Twenty Five Years of Gasoline Powered Water Pumping
I was eleven years old when my family dug the well on our property, in 1997. Since then, every drop of water consumed on this property has been pumped out of the ground... with a gasoline generator powering the pump.
Why didn't we run it on solar? Well, it's just one of those things that never got to the top of the list, and it’s not a trivial job.
So when I got back from Europe in September 2022 and made the family land my home base, my parents asked me to solarize the well for them. What a perfect job for a solarpunk polymath, amiright?
The Standard Solarization Approach
Here's the thing. The default solution for well pump solarization is to pull the AC pump, replace it with a DC pump, drop that in the well, and install solar panels and a DC controller. When the sun shines, the pump pumps. No batteries, no inverter. That's the standard approach.
Well, there were a few things about the standard approach that bothered me. For one, it was expensive. Solar pumps are a few grand, paying for a driller to come pull the old pump, which is on 300' of galvanized steel pipe, is expensive, and a roll of 300' of polyethylene pipe is expensive.
Also, a lot of neighbors around here have had to replace their DC pumps after a few years, while they almost never replace AC pumps. The AC pumps seem to be more reliable than DC pumps.

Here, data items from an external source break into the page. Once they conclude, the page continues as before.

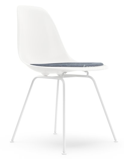 Eames Plastic Side Chair RE DSX, White non-RE, With seat upholstery, Dark blue / ivory, Standard version - 43 cm, Coated white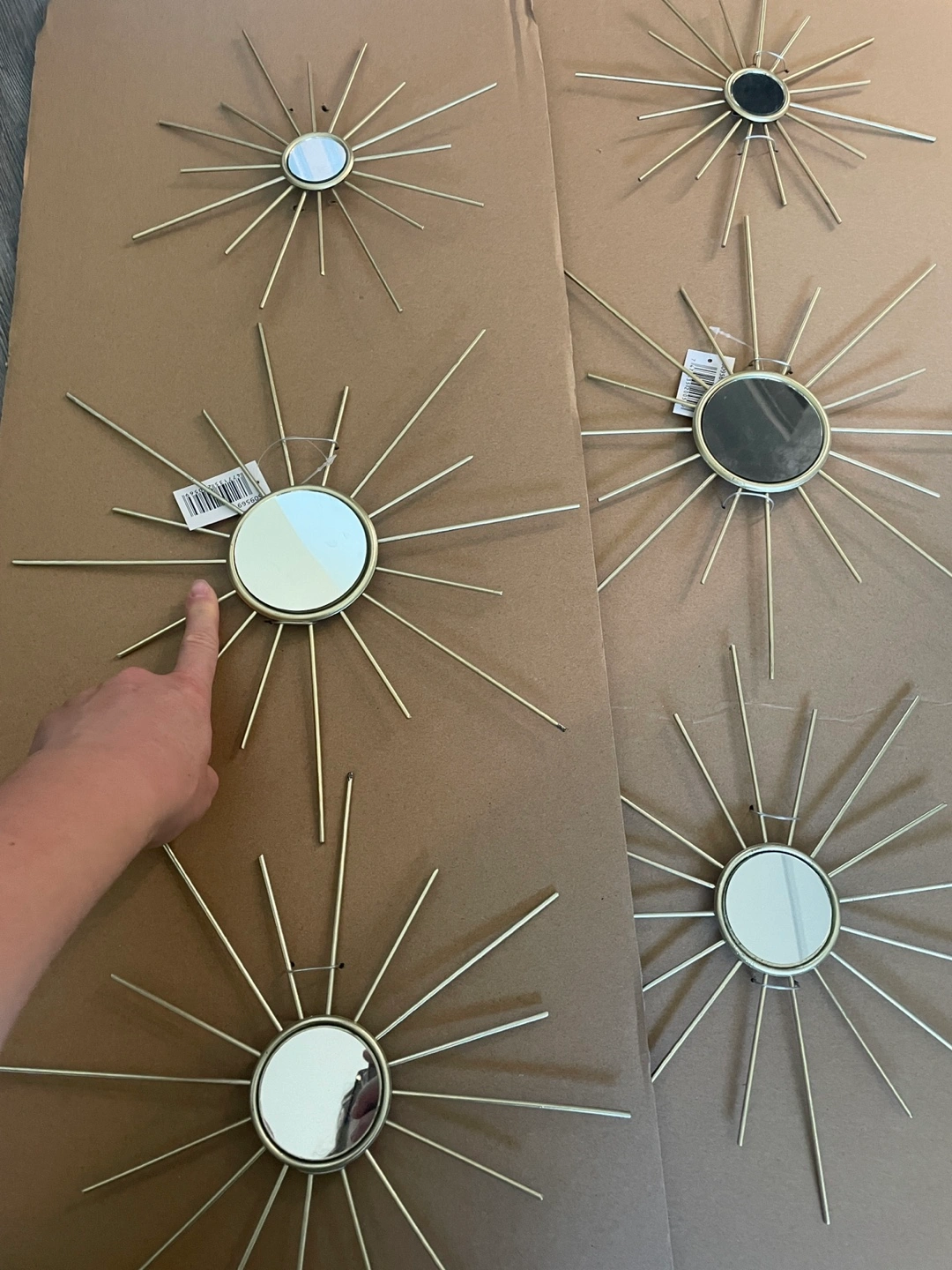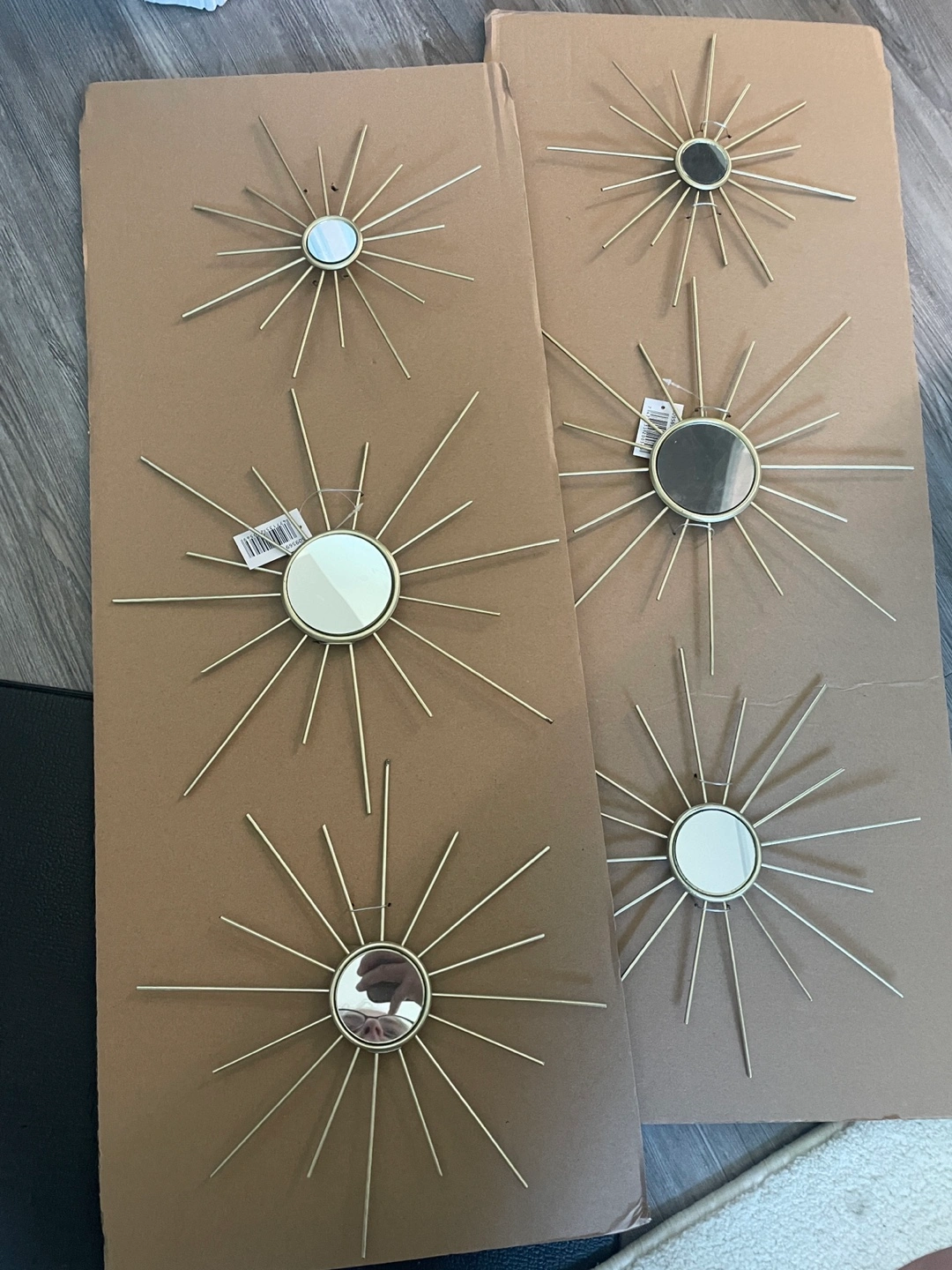 Set of 6 gold starburst mirrors. All mirrors have a round shape with the starburst design going out from the center. The size of the mirrors and starburst range from 6" to 8" in diameter. Price is for the pair.
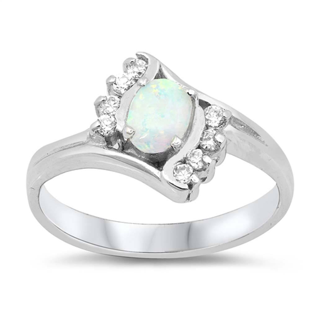 Sterling Silver Oval Shape White Lab Opal Rings With CZ StonesAnd Face Height 13mm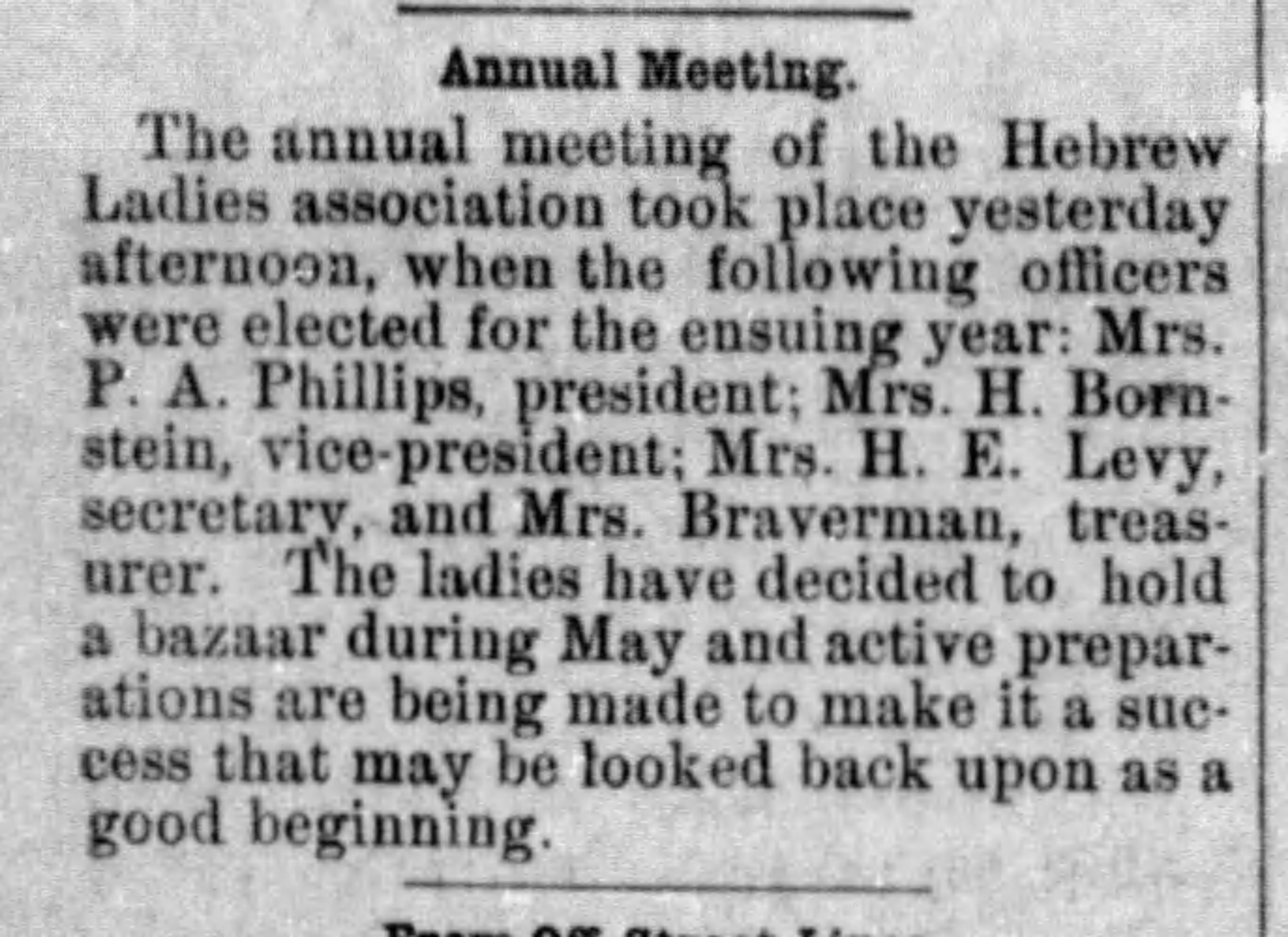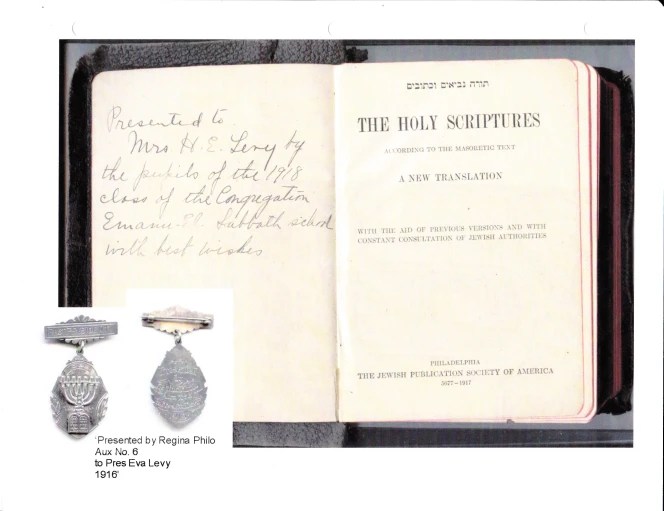 Eva was also an active member of the Hebrew Ladies Society. She held many positions and in 1894 was recognized by the membership with a gift of a gold medallion engraved with “E.L” and a chain. Her name appears on a 1896 Hebrew Ladies Society membership list. The Hebrew Ladies dissolved into the Women’s Auxiliary. Eva was president of Aux No. 6 and was given a silver metal pin in 1916 (shown above).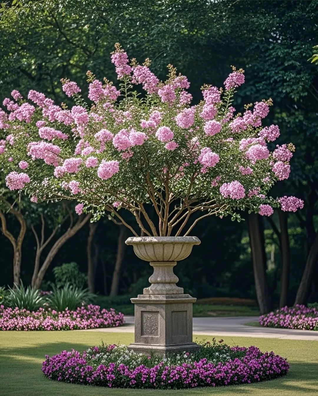 叢生紫薇與木槿交替配置,延長(zhǎng)夏季花期的觀賞時(shí)間。前者6-9月的綿長(zhǎng)花期與后者7-10月的次第開(kāi)放,形成持續(xù)四個(gè)月的花瀑效果。配置兩三種不同花期的灌木,確保每個(gè)視角都有綻放的焦點(diǎn)。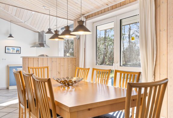 Feriehuset har med sine 120 kvadratmeter plads til op til 8 personer, og med sin lyse og indbydende indretning er rammerne sat for en afslappende familieferie i hyggelige og naturskønne omgivelser.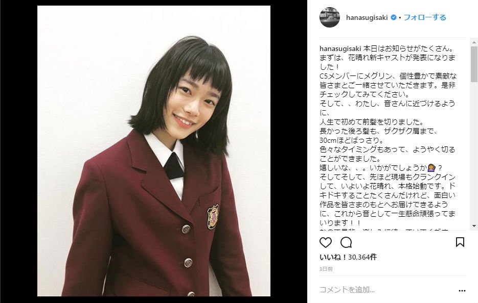 短いのもかわいい 「似合ってる」「印象かわった」 杉咲花、ロングヘアーを30センチカットでオン眉に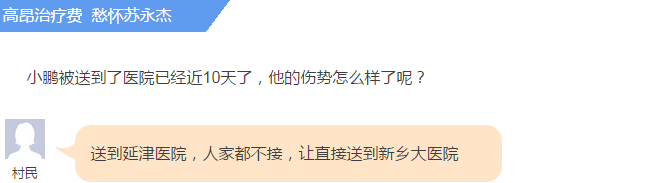 從村民的話中,不難聽出小鵬傷勢的嚴(yán)重性。在新鄉(xiāng)市第二人民醫(yī)院,小鵬已經(jīng)在重癥監(jiān)護(hù)室里躺了9天了。小鵬的爸爸蘇永杰說:光手術(shù)就花了5萬(含:傷情,醫(yī)療費(fèi))蘇永杰告訴記者,前段時間家里蓋房子借親戚朋友的錢還沒有還完,現(xiàn)在小鵬的醫(yī)療費(fèi)又花了10多萬,已經(jīng)把他壓的喘不過氣來。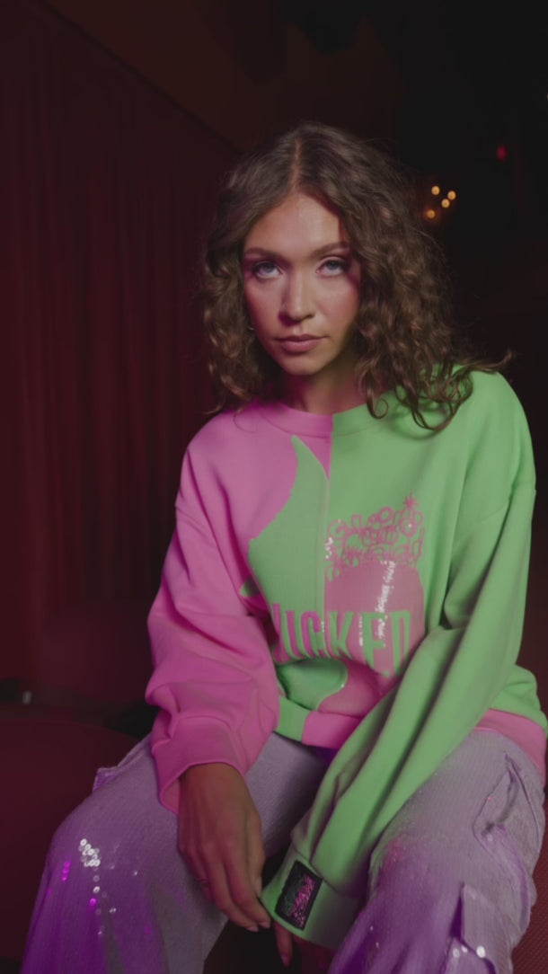 Licensed Green & Pink Colorblock Character Profile 'Wicked' Sweatshirt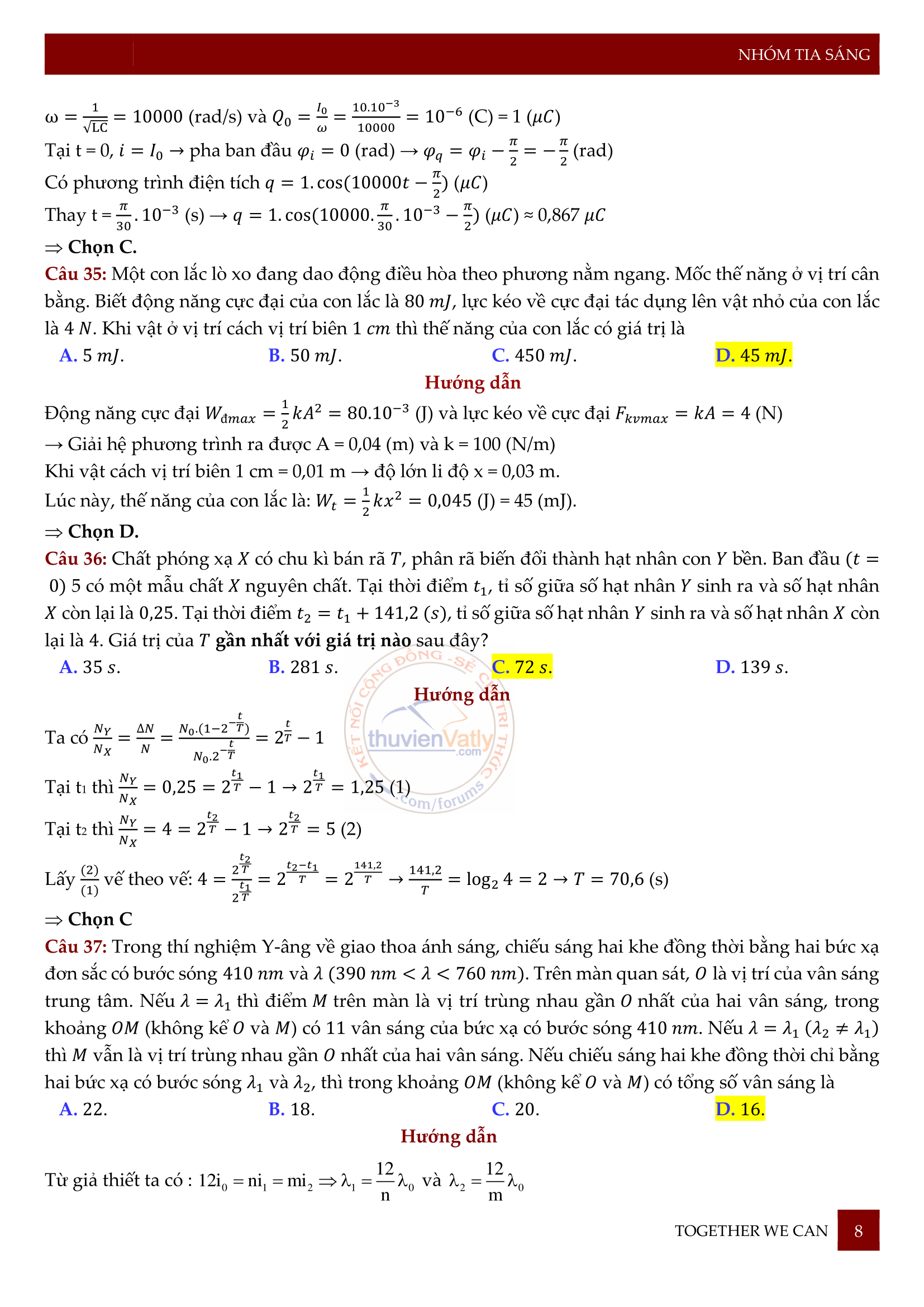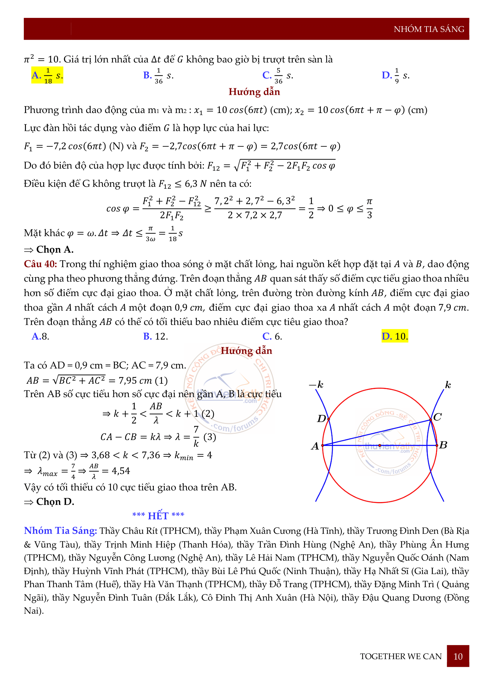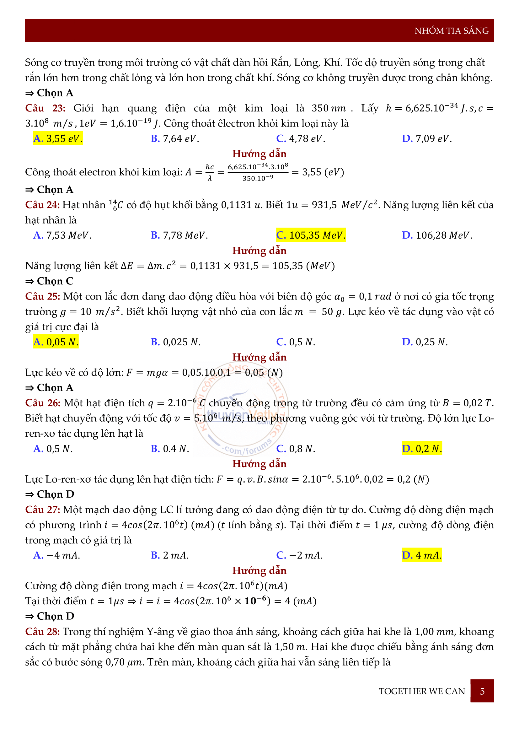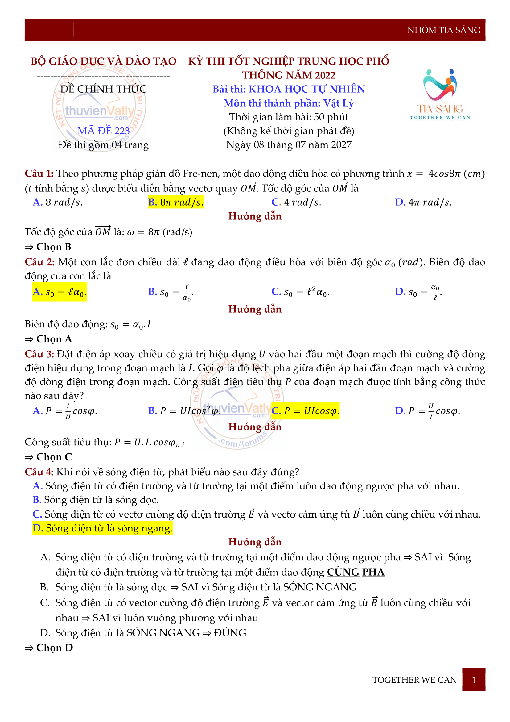 Đáp án đề thi môn Vật Lý thi tốt nghiệp THPT 2022 mã đề 223:

The last thing I didn't like about replacing the AC pump was that.... that AC pump isn't broken. We send power down that hole, and it sends water back up, and it's been doing that for 25 years. When things aren't actually broken, I really prefer to just leave them alone.
My Idea: A Full 240v System with a Modified Sine Wave Inverter
So, I had a hunch that I could come up with an alternative design that didn't involve pulling and throwing away a perfectly good, reliable pump, and didn't involve spending so much money. This is what I came up with.
The system is
six 120w used solar panels we got from a neighbor,
a 150v charge controller,
three 12v 100Ah AGM batteries, and
an AIMS modified sine wave, 5kw continuous 10kw surge 240v inverter.
This inverter is key to the system, and key to the low cost. It does one thing only: it takes 12v DC and makes 240v AC, single phase, NOT split phase, meaning, there's no neutral center tap, just two hots and a ground.
It's modified sine wave, which a lot of fancy household electronics don't like, so most inverters used for homes are pure sine wave. But pumps.... pumps aren't purists. They don't complain. Modified sine wave is fine with them. So this inverter is perfect for this application, and it's cheaper because it doesn't need to do anything other than generate that 240v AC. This inverter was about six hundred dollars.
Originally this shed was oriented 90 degrees so the roof faced West. Well, actually, the roof was on the ground fifty yards that way because a couple years ago a dust devil came up and ripped the roof off and threw it over there.
Anyway, I wanted the panels on the roof, so I wanted the roof to face south, obviously. Also I wanted the roof on the shed, not the ground.
So I jacked the whole thing up and just turned it around, then set it back on the bolts. Then I put the roof back on, and used screws and a35's this time. I also had to put siding on this wall and build the door.
The roof rack is just unistrut on top of S5 corrubrackets bolted to the 1x battens.
Controlling the Pump
The pump flowrate is much higher than the natural recharge rate of the well. One hour is the maximum amount we can run the pump before the water level get close to the pump, and you don't want to run pumps dry. Then you have to let the well recharge for several hours before you can pump again.
However, pumping one hour a day is more water than we use, so that works out well.
I installed a programmable timer to run the pump. I have it set to run two, half hour sessions, one in the late morning and one in the early afternoon. This is for two reasons.
1) It ensures that we never risk running the pump dry.
2) It decreases the maximum depth of discharge on the batteries. A half hour pump session discharges the batteries to about 70%. A full hour will discharge them by about 50%. The batteries will last longer if we only discharge them to 70%. Letting the solar panels recharge the batteries in the middle of the day allows us to get an hour of pumping in a day, with only a 75% discharge.
So the two half hour sessions are good for the pump, and they're good for the batteries.